• _Source data_
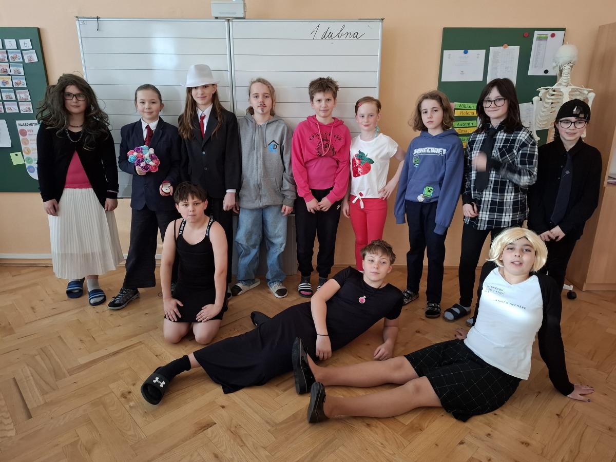 Dnešní den se na naší škole nesl v duchu dobré nálady, barev a hlavně velké dávky kreativity. Rozhodli jsme se ho oslavit trochu netradičně – tematickým „převlékacím“ dnem.
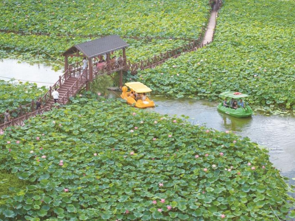 19日,游客在如皋市平园池村千亩藕池文化园赏荷游览。近年来,平园池村积极打造荷藕产业链条和荷乡旅游品牌,获评中国美丽休闲乡村、全国乡村治理示范村、全国文明村等。 记者 许丛军摄
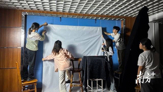 这是这群学生第一次接触棚拍,从布景、调光到试镜,每一步都要自学。直到开拍的前一晚,才拍出了第一张光感恰到好处的形象照。
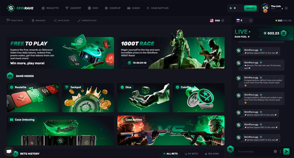 SkinRave.gg предоставляет уникальную платформу для игроков, желающих обогатить свою коллекцию скинов и испытать удачу в захватывающих играх, а использовав наш промокод для SkinRave - "DATAGAME" вы получите $0.50 на баланс сайта.
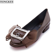 HONGKEE/红科2019年秋季新款甜美蝴蝶结方头平跟漆皮女单鞋HA89X302 丹麦棕 37
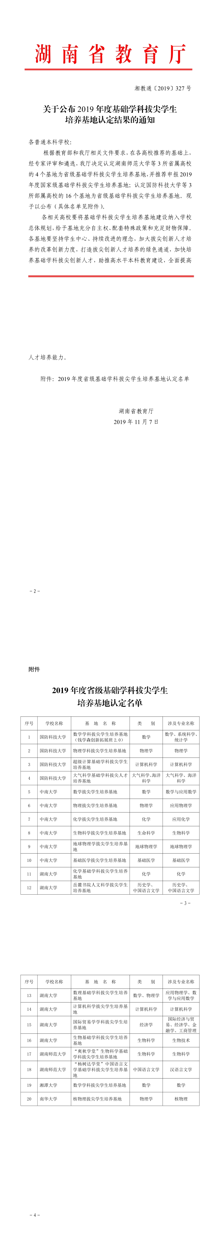 近日,湖南省教育厅正式发文,《关于公布2019年度基础学科拔尖学生培养基地认定结果的通知》,我院申报的“杨树达学堂”中国语言文学基础学科拔尖学生培养基地名列其中,这是我院新时代人才培养平台建设的阶段性成果。
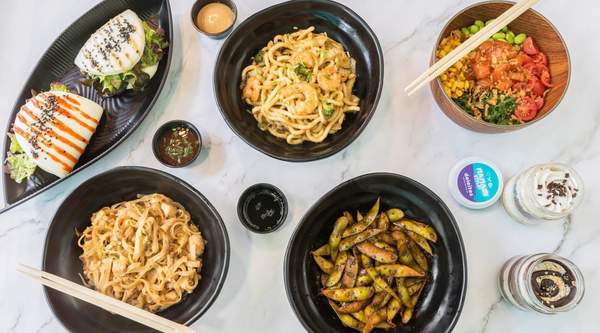Fideo yakisoba, salsa teriyaki, entrecot, seta shiitake, edamame, col china y sésamo
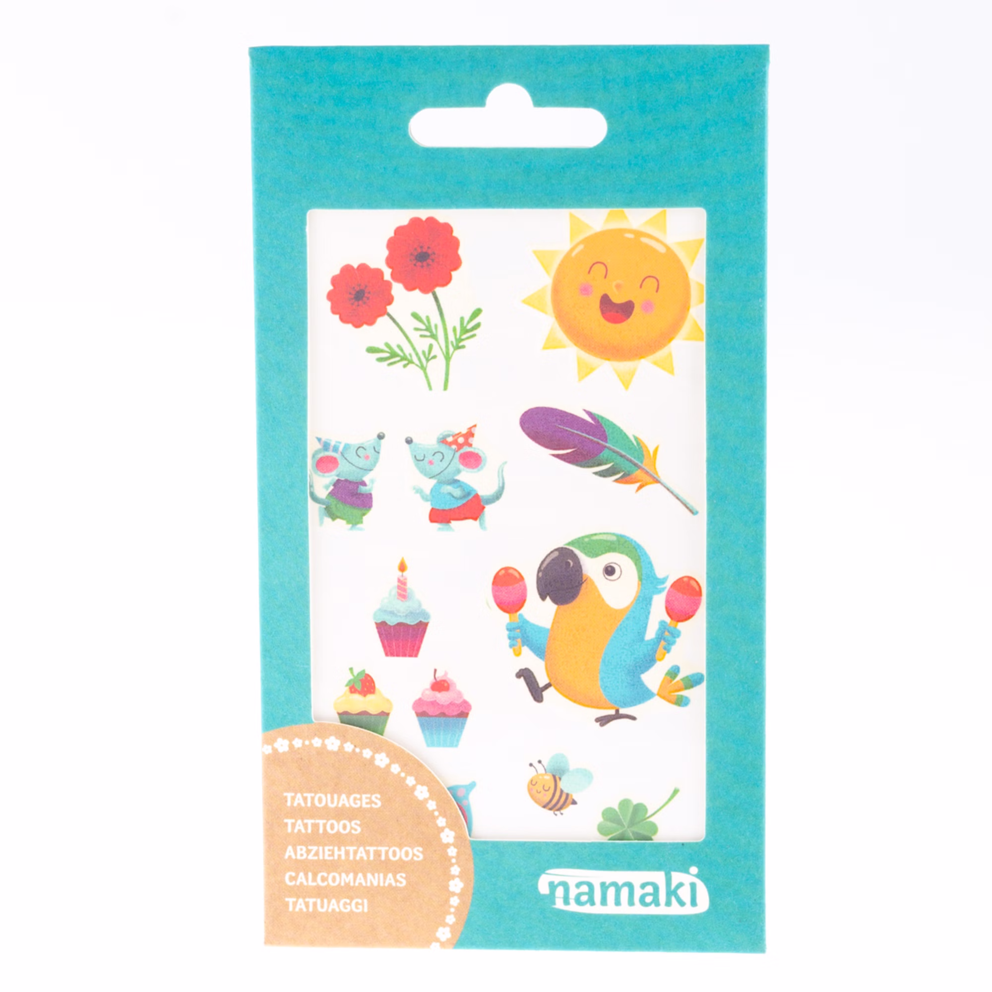 Die 2 Tattoo-Bögen mit verschiedenen Motiven lassen sich kinderleicht auftragen. Die Tattoos sind dermatologisch getestet für alle, die Farben lieben und immer gute Laune haben.

• _Action item_
Copy every record verbatim while leaving each picture out.

• _Output of the exercise_
 Dnešní den se na naší škole nesl v duchu dobré nálady, barev a hlavně velké dávky kreativity. Rozhodli jsme se ho oslavit trochu netradičně – tematickým „převlékacím“ dnem.
 19日,游客在如皋市平园池村千亩藕池文化园赏荷游览。近年来,平园池村积极打造荷藕产业链条和荷乡旅游品牌,获评中国美丽休闲乡村、全国乡村治理示范村、全国文明村等。 记者 许丛军摄
 这是这群学生第一次接触棚拍,从布景、调光到试镜,每一步都要自学。直到开拍的前一晚,才拍出了第一张光感恰到好处的形象照。
 SkinRave.gg предоставляет уникальную платформу для игроков, желающих обогатить свою коллекцию скинов и испытать удачу в захватывающих играх, а использовав наш промокод для SkinRave - "DATAGAME" вы получите $0.50 на баланс сайта.
 HONGKEE/红科2019年秋季新款甜美蝴蝶结方头平跟漆皮女单鞋HA89X302 丹麦棕 37
 近日,湖南省教育厅正式发文,《关于公布2019年度基础学科拔尖学生培养基地认定结果的通知》,我院申报的“杨树达学堂”中国语言文学基础学科拔尖学生培养基地名列其中,这是我院新时代人才培养平台建设的阶段性成果。
Fideo yakisoba, salsa teriyaki, entrecot, seta shiitake, edamame, col china y sésamo
 Die 2 Tattoo-Bögen mit verschiedenen Motiven lassen sich kinderleicht auftragen. Die Tattoos sind dermatologisch getestet für alle, die Farben lieben und immer gute Laune haben.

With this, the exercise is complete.